Bio-fortified Orange Fleshed Sweetpotato (OFSP) features in this year’s 2015 Borlaug Dialogue. The annual talks are in honor of Nobel Prize laureate Dr. Norman E. Borlaug, a scientist committed to solving wheat production problems. Known as one the world’s premiere food conferences, the conference brings together food security research, thought and policy leaders to discuss how to feed the world’s growing population. On the “Borlaug 101: Fundamentals of Global Food Security” agenda are three of the International Potato Center’s (CIP) own OFSP pioneers: Jan Low, Maria Andrade, and Robert Mwanga.
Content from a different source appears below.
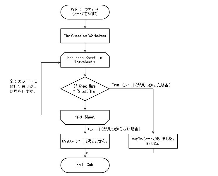 「Sheet3」が見つからなかったときは「シートはありません。」とメッセージを表示しますが、これを「For Each…Next」の後で行うのがこのプログラムのポイントになります。
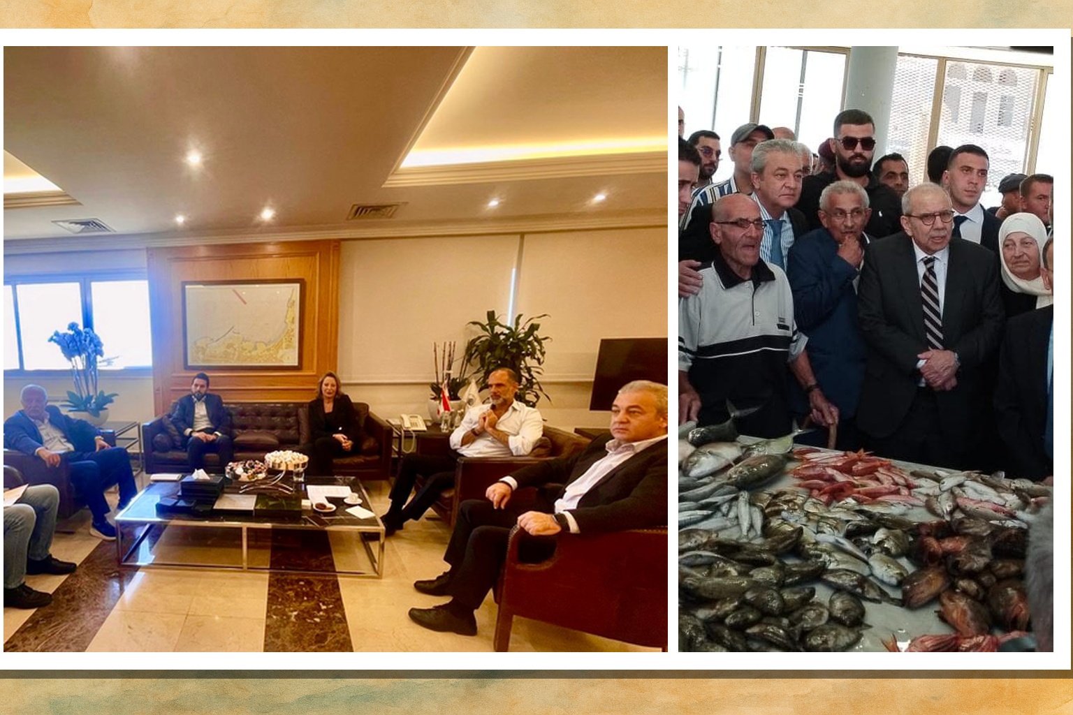أما الصورة الثانية فلرئيس الحكومة نواف سلام مع “زعماء” المدينة على “بسطة” سمك في “الميرة” (سوق السمك).

Collectively this team helped place bio-fortified OFSP on the nutritional forefront as a means of addressing hidden hunger in Sub-Saharan Africa.
For the world’s poor, staple foods like sweetpotato, make up as much as 70-80% of daily caloric intake resulting in diets poor in micronutrients. Targeting the micronutrient content of staple foods with biofortification is one strategy to counteract micronutrient deficiencies. Low, Mwanga, and Andrade have worked relentlessly to make OFSP a go-to food in the African diet.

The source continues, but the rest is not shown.